Такой «профессор лесных дел», как окрестил Дмитриева замполит, был ценнейшим помощником в освоении этой науки.
Десантники — особые войска, и условия, в которых им приходится воевать, — особые. У них нет тылов, нет подвоза, нет снабжения, нет баз, запасов, госпиталей. Нет подкреплений.
И некуда отступать…
К ним из военных специальностей больше, чем к какой-либо другой, применимо латинское изречение «все свое ношу с собой».
Для десантника не только автомат и граната главное оружие, но и находчивость, сообразительность, быстрота реакции, точность выбранного решения. Поэтому-то он должен знать множество вещей, не обязательных, казалось бы, другим. Вот Дмитриев предложил соорудить «болотные плоты», широкие, плоские. На такой плот десантник ложится, распределяя тяжесть тела на всю площадь, и то ли плывет, то ли ползет по болоту, подгребая руками, подтягиваясь за кусты и кочки.
Встал вопрос: из чего делать плоты? «Из плащ-палаток!» — приказал капитан Кучеренко, сразу правильно оценивший идею Дмитриева. Однако плащ-палатки необходимо было в плоты превратить. Надеть на каркасы. А где их взять?
Снарядили людей в лес. Рубили кустарник, выбирая ветки подлиннее. Все это потребовало много времени. Потому и задержалось так долго подразделение капитана Кучеренко у болота. Капитан метался между солдатами, торопил их, прекрасно понимая, что они и без того делают все, что могут.

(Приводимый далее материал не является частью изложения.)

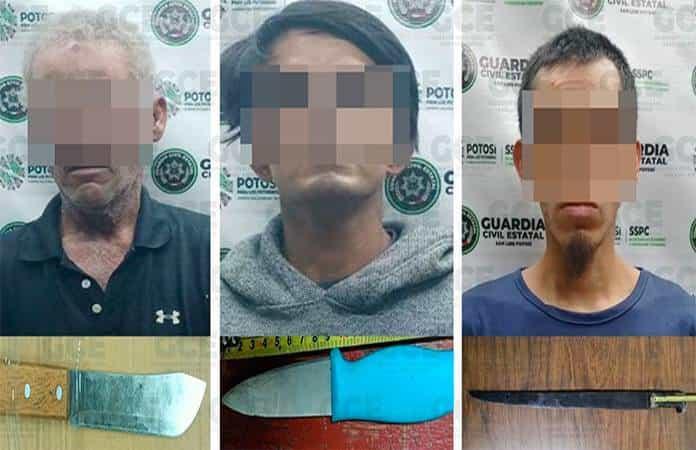 En acciones de vigilancia implementadas por agentes de la Guardia Civil Estatal en la ciudad y su zona conurbada, tres hombres fueron detenidos con armas blancas; uno de ellos en la capital potosina y dos más en el municipio de Soledad de Graciano Sánchez.
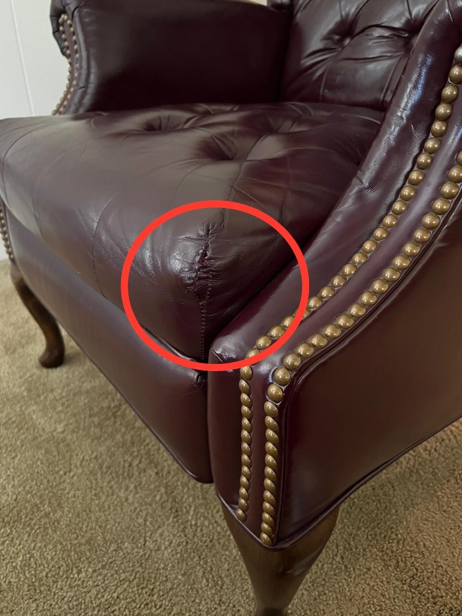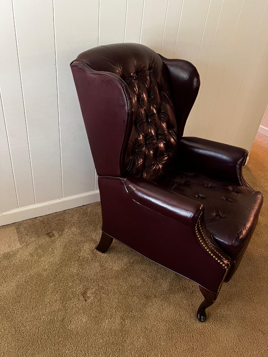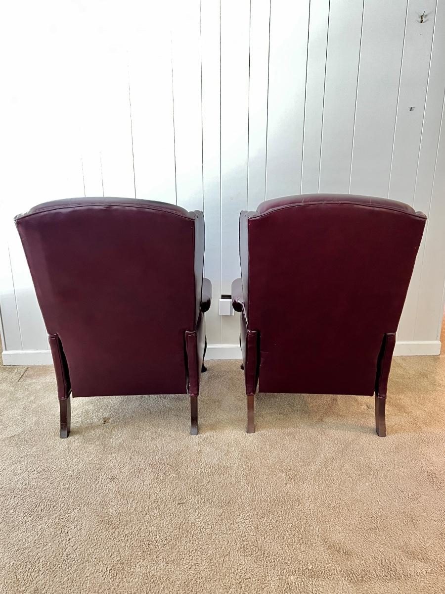 Chairs are a burgundy color. One of the chairs has a button missing & the other chair needs very minor sewing repair. See photos. Both = 42” H x 30.5” W x 36” D.

Десантники, сосредоточенные, хмурые, были похожи сейчас на прилежных ребят из авиамодельного кружка Дворца пионеров, мастерящих планер. Но это мастерили не планер. Это срабатывали хрупкое, ненадежное, примитивное сооружение, с помощью которого сотни людей попытаются преодолеть участок земли, по которому никакой нормальный человек никогда бы не пошел, предпочтя сделать несколько лишних километров в обход.
А они вот нет. Они были вполне нормальными, больше того, умными, толковыми ребятами, но они играли. На этот раз никто в них не стрелял, никто их жизни не угрожал. И те их сверстники, что сидели в окопах по другую сторону болота, были их товарищами, и через несколько дней они вместе будут пить «обильный чай» в солдатской чайной, сражаться в волейбол в спортзале или идти в увольнение к знакомым девушкам.
Так к чему все это?
И тем не менее они играли в эту игру. Они играли в нее, потому что в любую минуту она могла перестать быть игрой.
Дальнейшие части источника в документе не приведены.